What this calculator does
This tool estimates how many gacha pulls, capsule-toy purchases, trading cards, or sticker packs you should expect to open before you have collected at least one of every item in a complete set. It is the classic "Coupon Collector's Problem" from probability theory. The result is an average over many attempts: any single playthrough can be luckier or unluckier. This is universal math and applies to any country or platform.
How to use it
Enter the total number of distinct item types in the set you want to complete (for example, a 6-item capsule lineup or a 66-card series) and read off the expected number of draws.
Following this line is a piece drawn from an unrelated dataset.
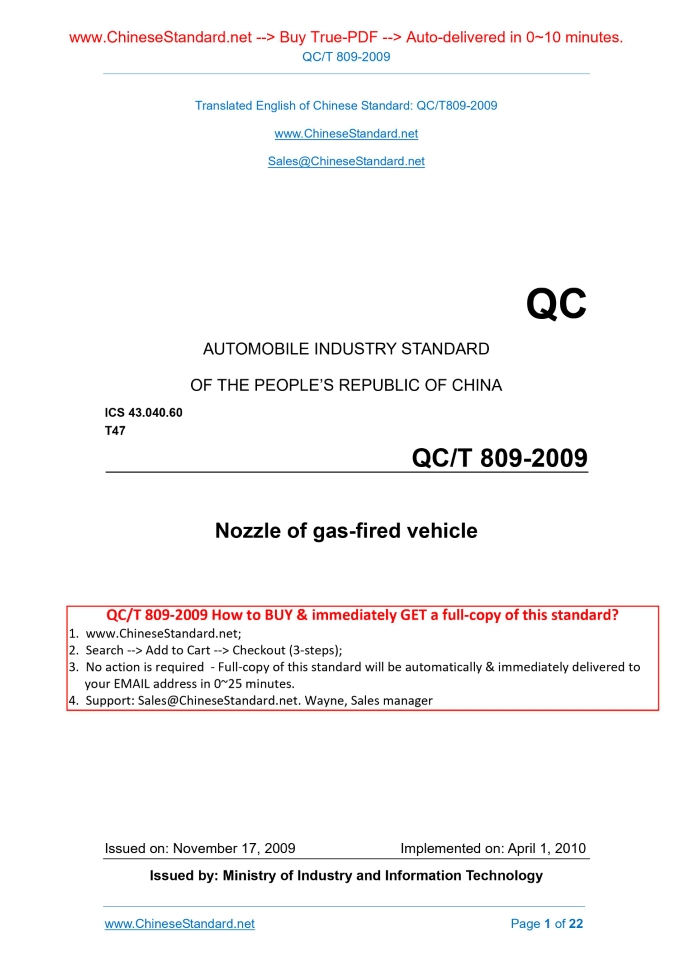 QC/T 809-2009: Nozzle of gas-fired vehicle Delivery: 9 seconds. True-PDF full-copy in English & invoice will be downloaded + auto-delivered via email. See step-by-step procedure Status: Valid
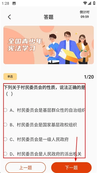 进入答题页面后,选择对应题目的答案,点击“下一题”按钮继续作答,直到完成所有题目为止。

The calculator assumes every item is equally likely to appear on each draw.
The formula explained
If there are n equally-likely item types, the expected number of draws to complete the set is $$E(n) = n \times H(n)$$ where \(H(n)\) is the n-th harmonic number: \(H(n) = 1 + 1/2 + 1/3 + \ldots + 1/n\). The intuition: once you already own \(i-1\) distinct items, the chance the next draw is something new is \((n-(i-1))/n\), so it takes on average \(n/(n-(i-1))\) draws to find the i-th new item. Adding these up from \(i=1\) to \(n\) gives n times the sum of \(1/k\).
Worked example
For a 6-item set: $$H(6) = 1 + \frac{1}{2} + \frac{1}{3} + \frac{1}{4} + \frac{1}{5} + \frac{1}{6} = 2.45$$ so \(E = 6 \times 2.45 =\) 14.7 draws. The first item is guaranteed in 1 draw, but the last, hardest-to-get item alone takes about 6 draws on average.
FAQ
Does this work for rarity tiers or unequal drop rates? No. The formula assumes every item is equally likely. If your gacha has rare and common items with different rates, you need the more general weighted coupon-collector model, which gives a larger number.
Is the answer a guarantee? No, it is the long-run average. You might finish faster or much slower; the distribution has a long tail.
How do I estimate cost? Multiply the expected draws by your price per draw to get an expected budget.